What the paper actually gives you
PagedAttention is a demonstration that systems research still has significant room in the LLM serving stack. The KV cache memory problem wasn't a mathematical constraint — it was an implementation assumption. Serving frameworks assumed contiguous KV cache because attention kernels require contiguous memory, which was treated as a fixed requirement rather than a kernel implementation detail. The paper broke that assumption by modifying the kernel instead of the serving logic.
The OS virtual memory analogy isn't just pedagogical — it's load-bearing. Page tables, reference counting, copy-on-write, demand allocation, preemption and swap: these are 1970s OS concepts that transfer directly because the problem structure is the same. Physical memory is scarce and shared across processes with unpredictable lifetimes and unpredictable working set sizes. GPU HBM is scarce and shared across inference requests with unpredictable lengths and unpredictable concurrency. The mapping is not a coincidence.

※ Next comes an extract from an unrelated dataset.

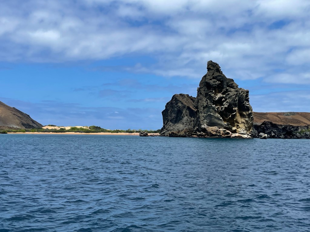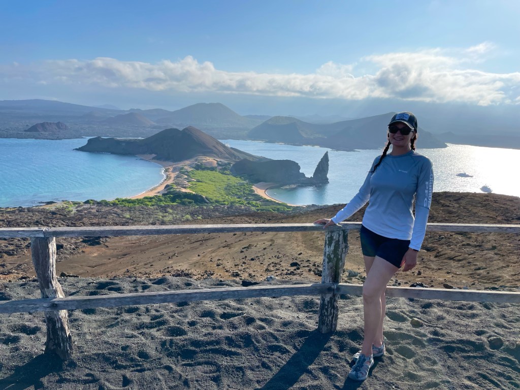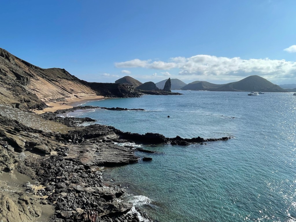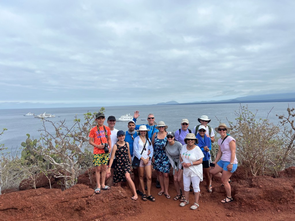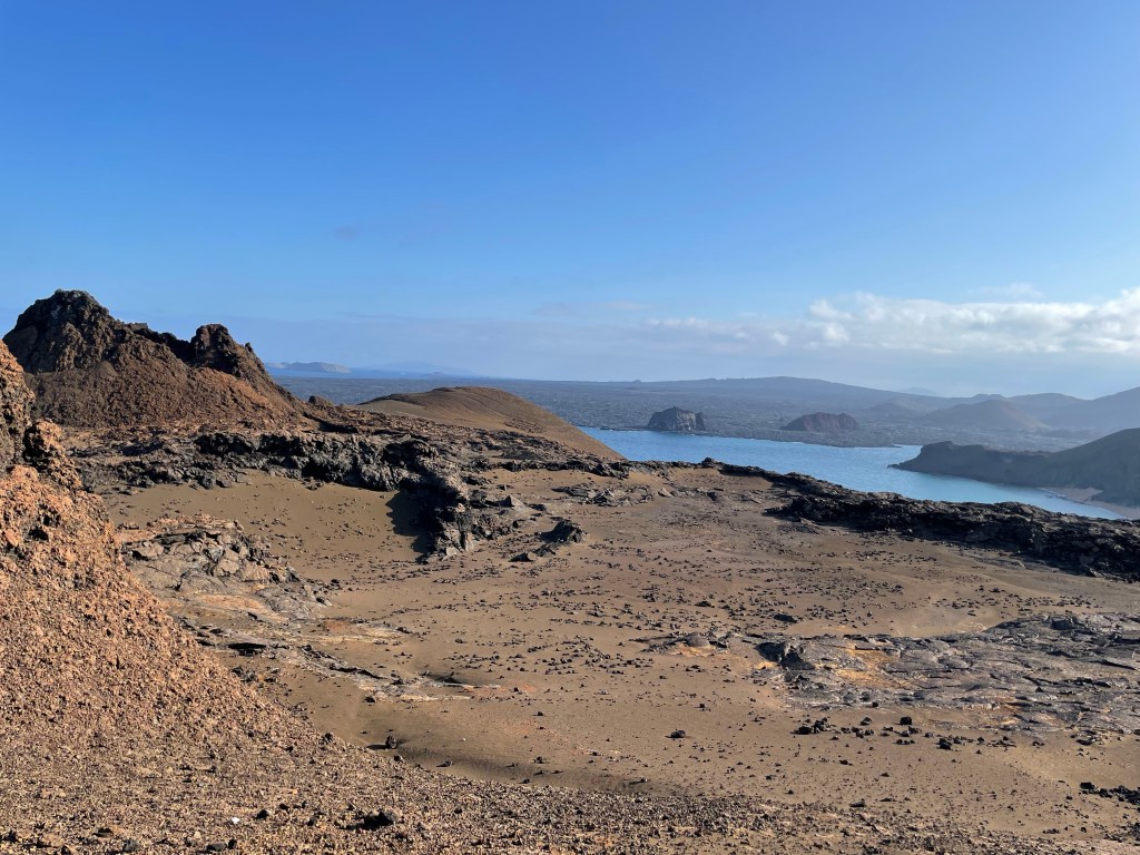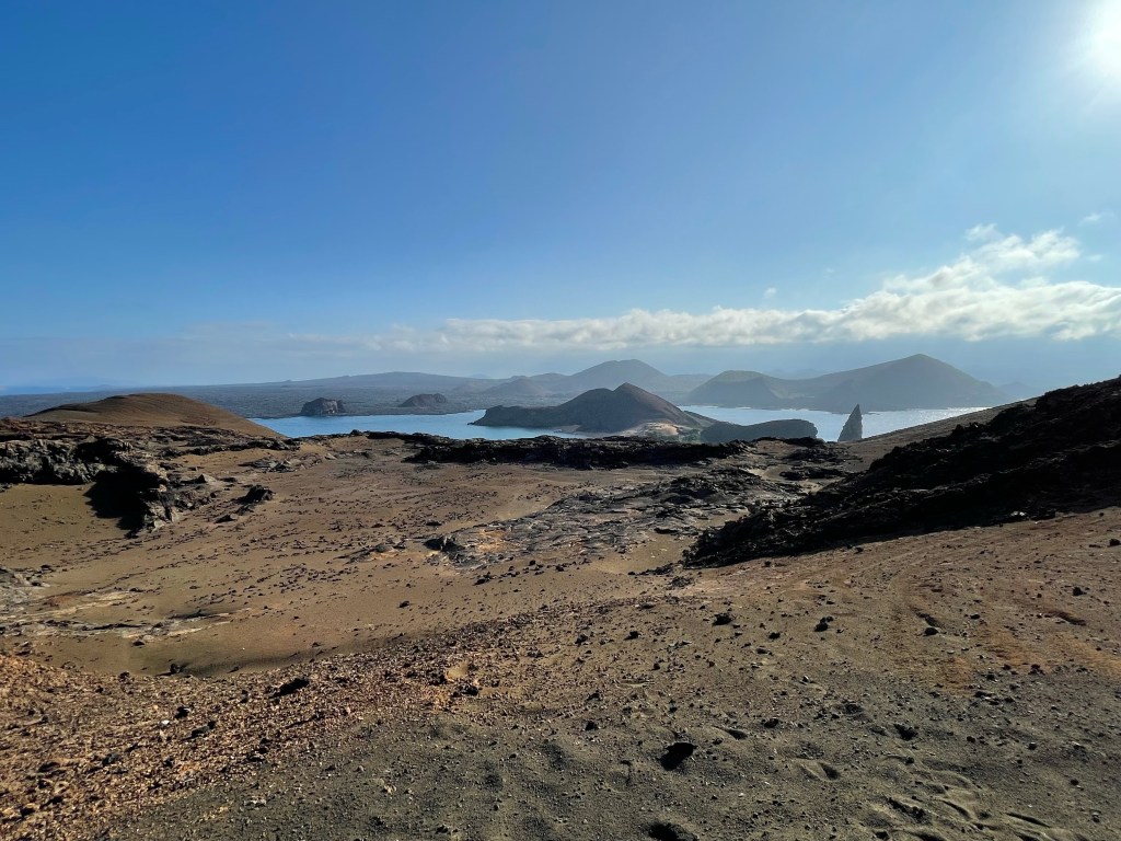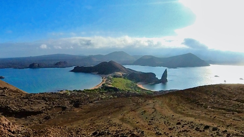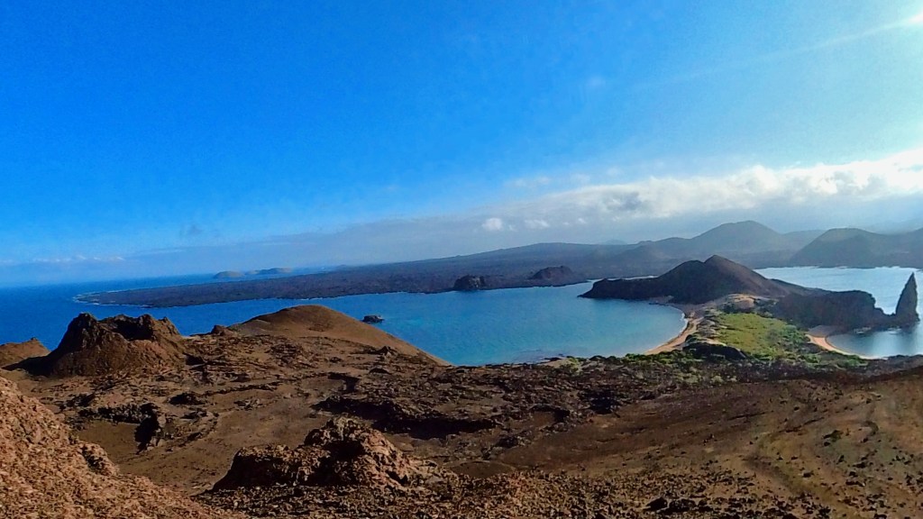 The top of Bartolome lived up to my expectations of the spectacular view. The air was a little hazy so it didn’t come out too clear in pictures but in person it was magnificent. I did take my Insta360 camera with me to experiment more with using that to capture the views so we’ll see how that comes out. Ali, a surgeon (I think), from Montreal and his wife Jouhayna, an ObGyn (I think), were on their honeymoon. Ali had another of the Insta360 cameras and had sat with me for a few minutes after lunch, giving me tips on how to use it. The breathtaking view swept across multiple islands and clearly showed the lava flow on neighboring Santiago Island whose exact age is unknown but they do know it’s less than 100 years old based on the accurate maps that Darwin had scribed. I wish I could remember the number now but earlier Andreas had told us the accuracy rate of Darwin’s mapping and it was incredibly accurate. I forgot to take note or a video but I think it was Santiago, Seymour, Santa Cruz, and Rabida, along with two craters whose names I think are Daphne Major and Daphne Minor, that could be seen from atop Bartolome.

For your specific situation: if you're running LLM serving at any nontrivial batch size and you're not using a PagedAttention-based serving system (vLLM, TGI with block allocation, TensorRT-LLM's equivalent), you're almost certainly leaving throughput on the table due to KV cache fragmentation. The operational cost is real — block size tuning, preemption monitoring, prefix cache invalidation discipline — but the baseline throughput improvement is substantial enough that it's the starting point, not an optimization.
The 40 GB A100 with 12-request ceiling? We switched to vLLM with 16-token blocks, set a 90% KV cache utilization admission threshold, and enabled prefix caching for our system prompt. Concurrent request capacity increased to 47 before hitting the same latency SLA. Same hardware. Same model. The GPU was always capable of it — we were just wasting 70% of its KV cache memory.
Efficient Memory Management for Large Language Model Serving with PagedAttention — Kwon, Li, Zhuang, Sheng, Zheng, Yu, Gonzalez, Zhang, Stoica. SOSP 2023.